Exclude the pictures, then copy word for word the lines running from the beginning of the records through the line with "アウトカム評価を選ぶときは、まず「今回いちばん良くしたいもの」を 1 つ決めます。歩行自立を目指すのか、病棟内".

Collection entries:
+-------+

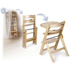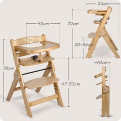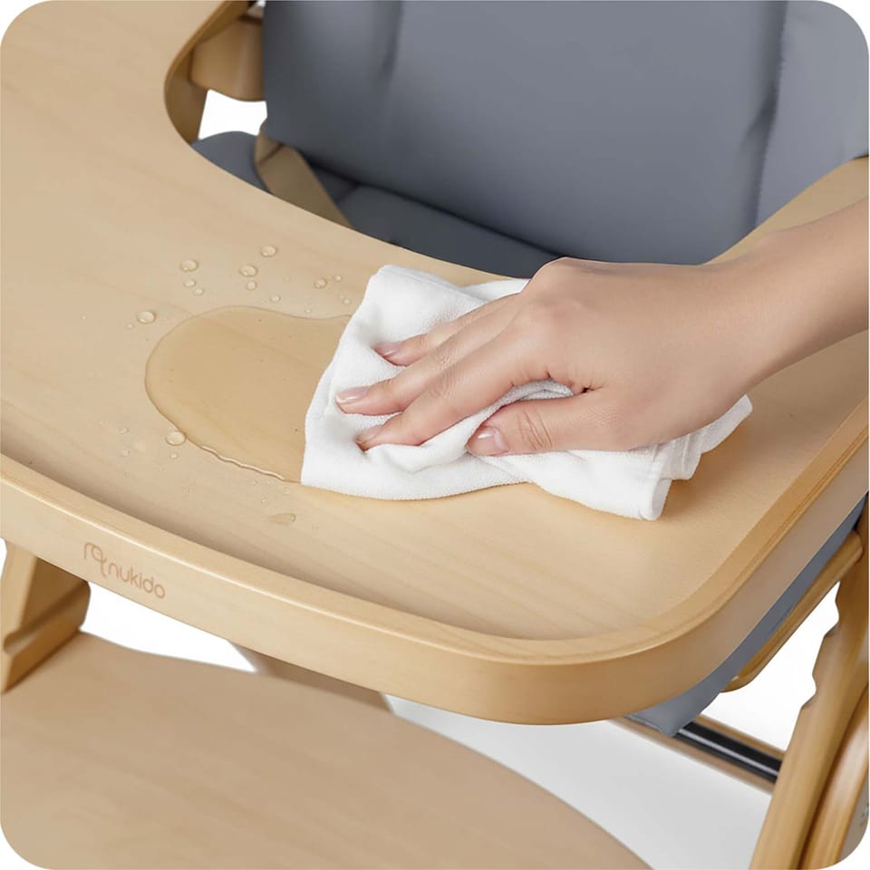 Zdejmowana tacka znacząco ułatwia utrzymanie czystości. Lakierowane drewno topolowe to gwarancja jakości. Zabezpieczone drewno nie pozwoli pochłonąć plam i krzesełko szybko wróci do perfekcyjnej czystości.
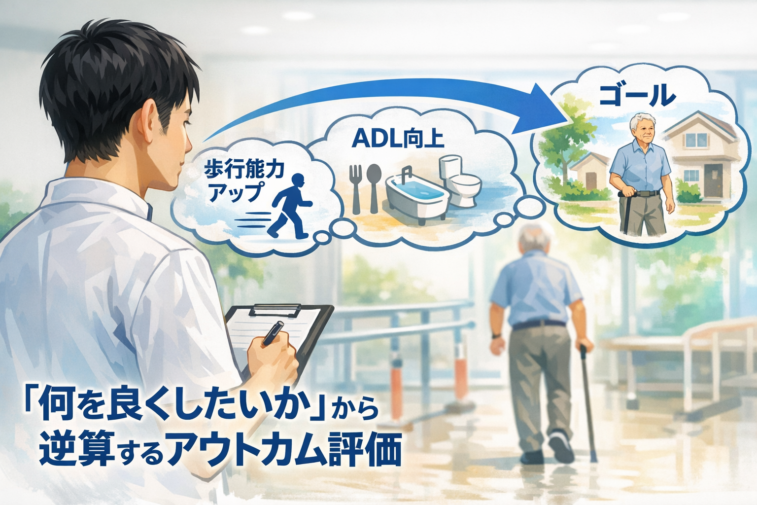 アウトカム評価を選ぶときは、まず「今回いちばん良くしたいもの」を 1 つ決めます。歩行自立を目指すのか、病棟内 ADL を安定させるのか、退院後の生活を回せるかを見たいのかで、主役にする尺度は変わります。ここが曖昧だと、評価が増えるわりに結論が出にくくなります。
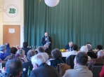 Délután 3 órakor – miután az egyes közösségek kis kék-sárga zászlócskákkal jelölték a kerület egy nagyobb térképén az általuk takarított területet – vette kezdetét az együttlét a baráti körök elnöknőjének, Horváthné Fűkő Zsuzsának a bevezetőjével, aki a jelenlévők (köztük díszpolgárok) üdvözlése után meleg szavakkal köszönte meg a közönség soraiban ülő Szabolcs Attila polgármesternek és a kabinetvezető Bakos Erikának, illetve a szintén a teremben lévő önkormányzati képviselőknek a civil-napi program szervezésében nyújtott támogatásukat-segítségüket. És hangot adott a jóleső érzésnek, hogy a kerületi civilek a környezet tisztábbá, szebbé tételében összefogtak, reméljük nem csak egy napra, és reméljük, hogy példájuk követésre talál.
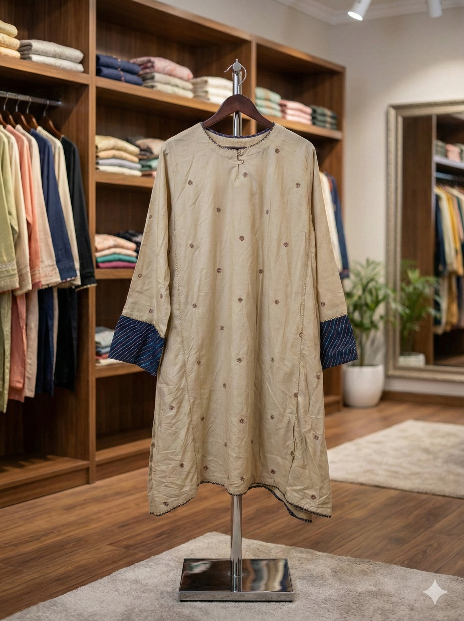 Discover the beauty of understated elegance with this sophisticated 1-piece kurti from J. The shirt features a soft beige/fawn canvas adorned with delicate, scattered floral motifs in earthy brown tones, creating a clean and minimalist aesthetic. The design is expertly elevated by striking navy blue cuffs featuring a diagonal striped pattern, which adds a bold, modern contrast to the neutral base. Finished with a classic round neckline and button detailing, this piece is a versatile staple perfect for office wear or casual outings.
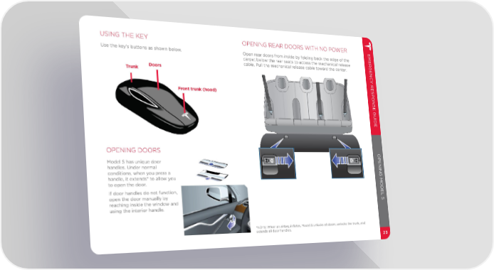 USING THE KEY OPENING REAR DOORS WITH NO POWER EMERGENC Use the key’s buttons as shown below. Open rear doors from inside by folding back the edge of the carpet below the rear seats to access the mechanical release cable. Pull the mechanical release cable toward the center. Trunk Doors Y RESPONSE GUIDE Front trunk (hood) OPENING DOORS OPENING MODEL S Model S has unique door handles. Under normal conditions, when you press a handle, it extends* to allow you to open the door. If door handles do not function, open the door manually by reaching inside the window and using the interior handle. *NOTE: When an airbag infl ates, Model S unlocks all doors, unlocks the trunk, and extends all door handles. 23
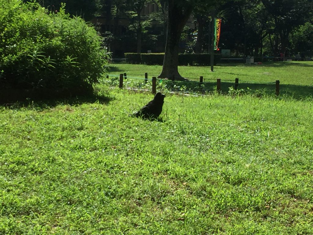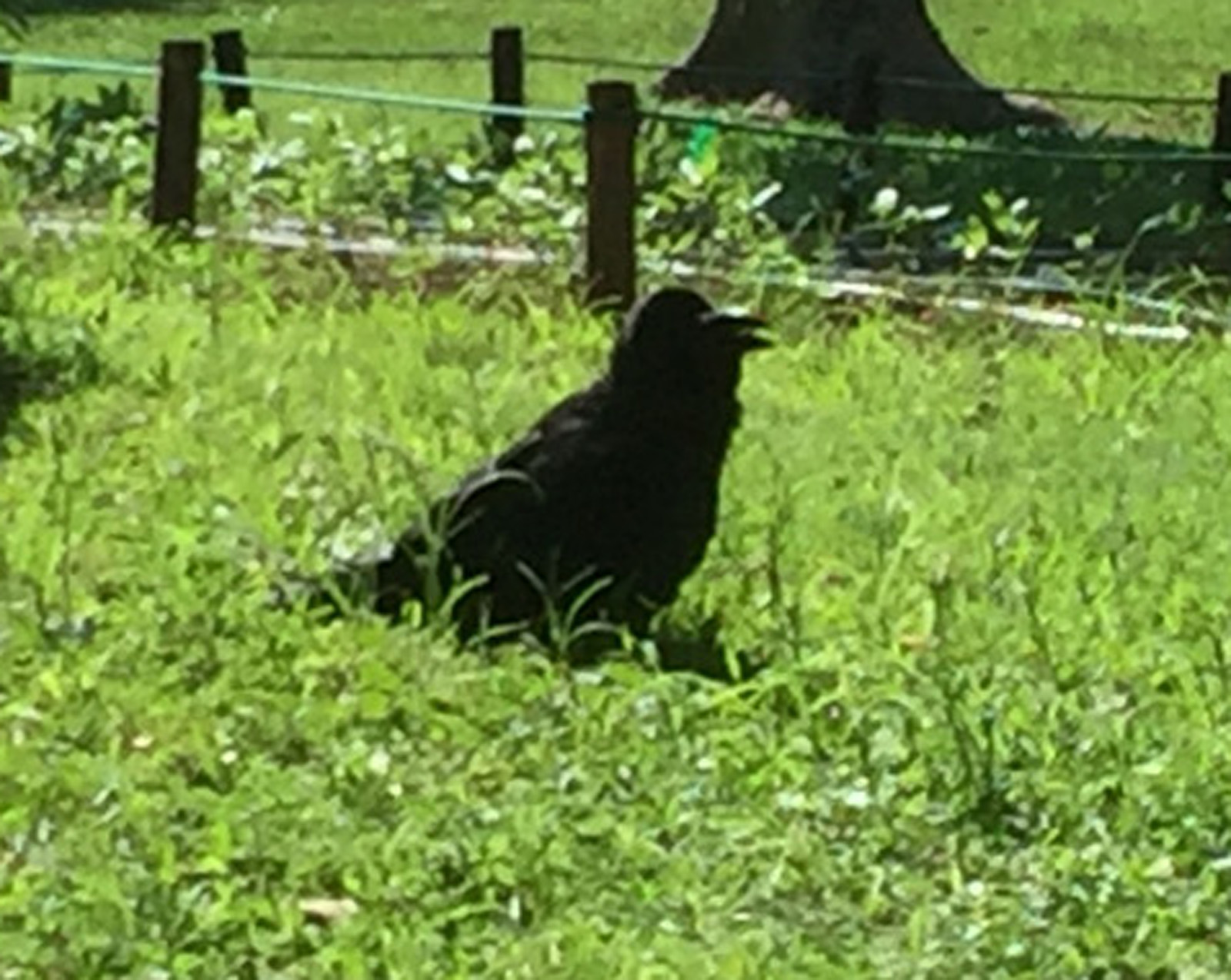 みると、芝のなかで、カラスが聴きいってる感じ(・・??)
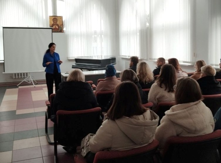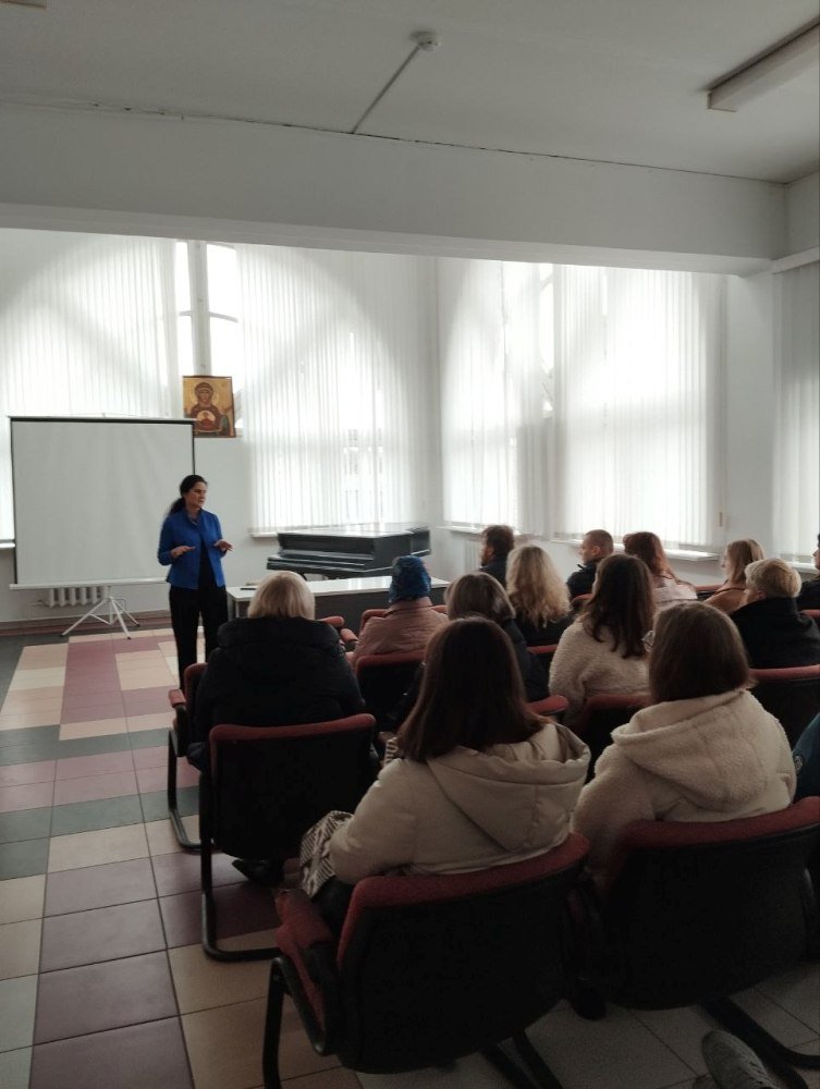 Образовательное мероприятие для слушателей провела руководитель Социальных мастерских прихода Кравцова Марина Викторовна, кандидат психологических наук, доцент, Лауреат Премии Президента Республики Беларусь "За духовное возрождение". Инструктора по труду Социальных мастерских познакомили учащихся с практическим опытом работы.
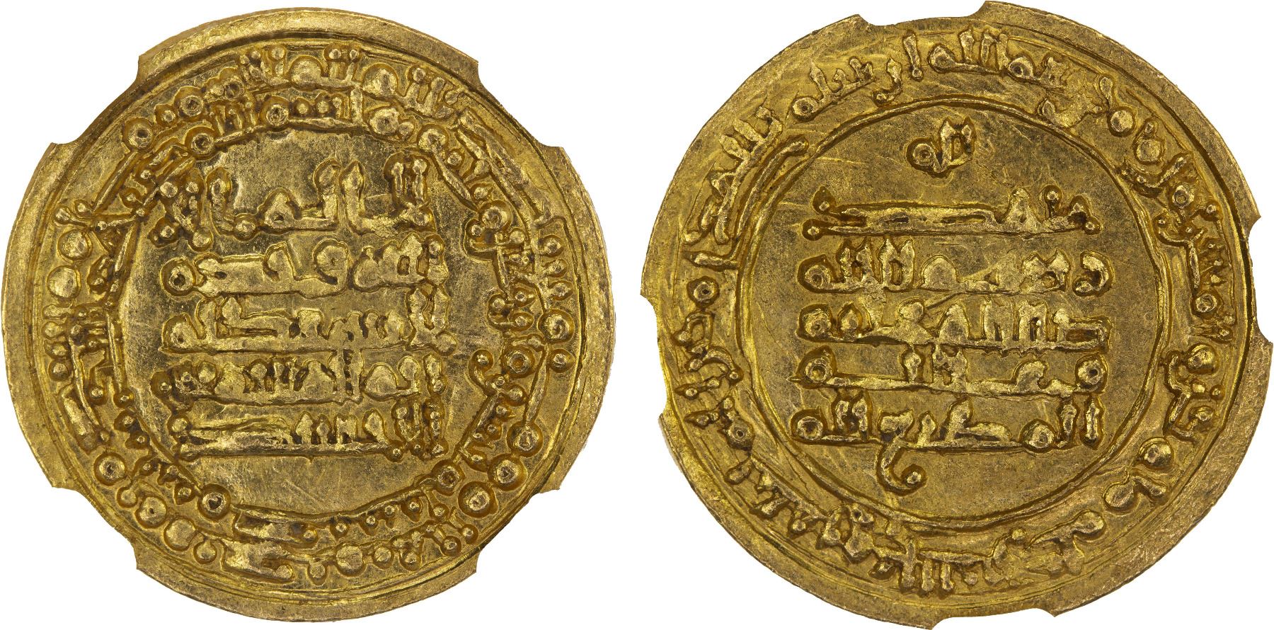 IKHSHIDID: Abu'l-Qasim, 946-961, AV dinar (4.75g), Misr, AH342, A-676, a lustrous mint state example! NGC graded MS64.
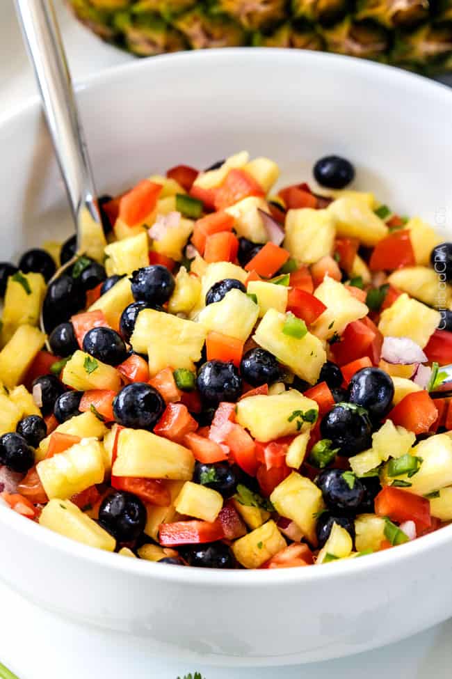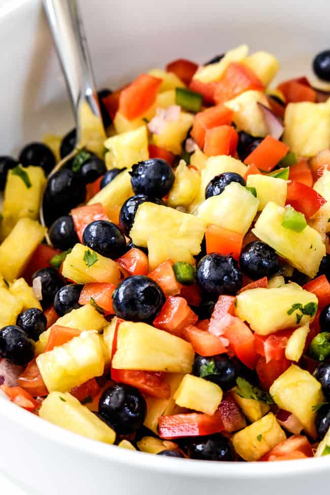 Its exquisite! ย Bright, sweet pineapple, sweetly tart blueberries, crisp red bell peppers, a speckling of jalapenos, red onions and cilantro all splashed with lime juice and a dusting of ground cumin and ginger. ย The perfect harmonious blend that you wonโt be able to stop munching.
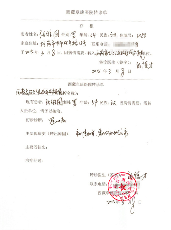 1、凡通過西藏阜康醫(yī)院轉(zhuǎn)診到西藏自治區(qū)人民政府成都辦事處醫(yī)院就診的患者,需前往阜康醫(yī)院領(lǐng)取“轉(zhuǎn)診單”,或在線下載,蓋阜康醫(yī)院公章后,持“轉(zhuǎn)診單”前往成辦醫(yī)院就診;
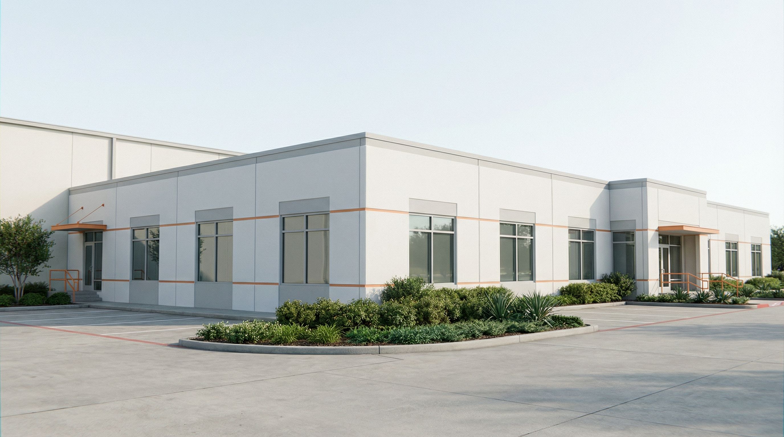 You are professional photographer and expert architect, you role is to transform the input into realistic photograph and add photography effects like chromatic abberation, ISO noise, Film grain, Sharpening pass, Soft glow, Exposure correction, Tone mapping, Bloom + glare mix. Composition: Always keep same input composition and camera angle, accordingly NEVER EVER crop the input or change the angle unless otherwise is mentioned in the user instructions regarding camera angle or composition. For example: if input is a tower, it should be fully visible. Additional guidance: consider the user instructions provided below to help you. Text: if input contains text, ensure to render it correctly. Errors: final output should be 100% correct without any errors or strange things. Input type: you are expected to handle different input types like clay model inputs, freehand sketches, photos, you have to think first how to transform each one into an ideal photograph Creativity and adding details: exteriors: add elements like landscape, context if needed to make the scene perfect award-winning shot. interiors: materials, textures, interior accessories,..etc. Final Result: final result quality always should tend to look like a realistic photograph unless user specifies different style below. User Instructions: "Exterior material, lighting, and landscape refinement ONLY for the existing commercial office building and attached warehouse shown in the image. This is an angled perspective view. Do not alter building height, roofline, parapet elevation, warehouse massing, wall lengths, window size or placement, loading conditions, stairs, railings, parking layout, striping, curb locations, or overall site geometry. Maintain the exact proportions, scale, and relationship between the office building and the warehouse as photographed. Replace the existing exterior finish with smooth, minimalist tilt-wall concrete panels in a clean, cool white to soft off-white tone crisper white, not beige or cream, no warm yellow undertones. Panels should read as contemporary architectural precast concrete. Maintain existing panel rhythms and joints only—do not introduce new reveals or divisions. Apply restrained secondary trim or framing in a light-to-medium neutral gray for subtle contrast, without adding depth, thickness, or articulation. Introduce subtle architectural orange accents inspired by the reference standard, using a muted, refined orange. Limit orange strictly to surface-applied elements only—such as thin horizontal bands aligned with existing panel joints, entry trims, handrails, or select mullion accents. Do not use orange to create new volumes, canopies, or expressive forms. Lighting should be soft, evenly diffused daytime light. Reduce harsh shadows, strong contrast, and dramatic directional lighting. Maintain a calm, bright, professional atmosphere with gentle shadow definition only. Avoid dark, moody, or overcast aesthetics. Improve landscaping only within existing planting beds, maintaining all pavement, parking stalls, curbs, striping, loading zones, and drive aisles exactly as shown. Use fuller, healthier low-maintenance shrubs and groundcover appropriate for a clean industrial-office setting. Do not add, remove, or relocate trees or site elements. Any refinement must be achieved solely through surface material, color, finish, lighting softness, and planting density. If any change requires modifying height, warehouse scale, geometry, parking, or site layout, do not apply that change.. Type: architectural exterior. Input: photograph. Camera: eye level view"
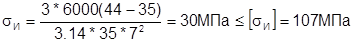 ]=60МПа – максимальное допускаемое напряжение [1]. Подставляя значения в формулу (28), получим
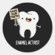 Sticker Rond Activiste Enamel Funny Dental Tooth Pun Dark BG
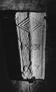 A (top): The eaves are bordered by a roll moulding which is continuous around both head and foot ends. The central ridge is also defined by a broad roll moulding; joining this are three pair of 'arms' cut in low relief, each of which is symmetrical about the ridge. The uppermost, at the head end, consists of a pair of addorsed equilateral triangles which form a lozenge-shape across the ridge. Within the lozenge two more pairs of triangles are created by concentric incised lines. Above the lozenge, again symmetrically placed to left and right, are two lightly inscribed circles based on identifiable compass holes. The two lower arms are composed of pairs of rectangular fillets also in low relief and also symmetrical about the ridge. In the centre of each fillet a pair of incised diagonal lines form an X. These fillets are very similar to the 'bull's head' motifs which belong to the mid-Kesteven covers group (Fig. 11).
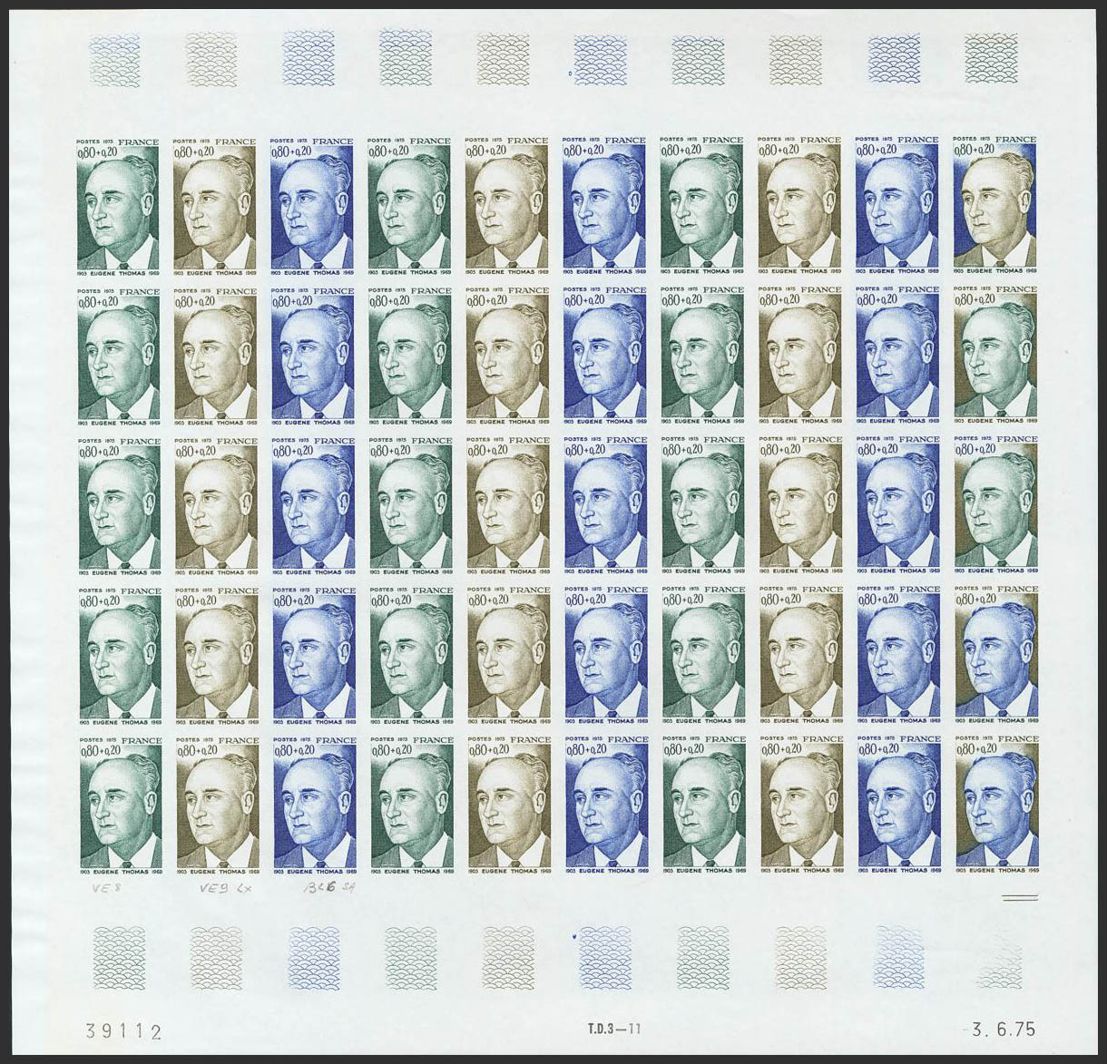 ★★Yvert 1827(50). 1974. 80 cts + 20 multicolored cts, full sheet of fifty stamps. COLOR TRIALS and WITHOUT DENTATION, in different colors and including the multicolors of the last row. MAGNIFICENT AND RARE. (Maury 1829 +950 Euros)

+-------+

§ Task response
 Zdejmowana tacka znacząco ułatwia utrzymanie czystości. Lakierowane drewno topolowe to gwarancja jakości. Zabezpieczone drewno nie pozwoli pochłonąć plam i krzesełko szybko wróci do perfekcyjnej czystości.
 アウトカム評価を選ぶときは、まず「今回いちばん良くしたいもの」を 1 つ決めます。歩行自立を目指すのか、病棟内 ADL を安定させるのか、退院後の生活を回せるかを見たいのかで、主役にする尺度は変わります。ここが曖昧だと、評価が増えるわりに結論が出にくくなります。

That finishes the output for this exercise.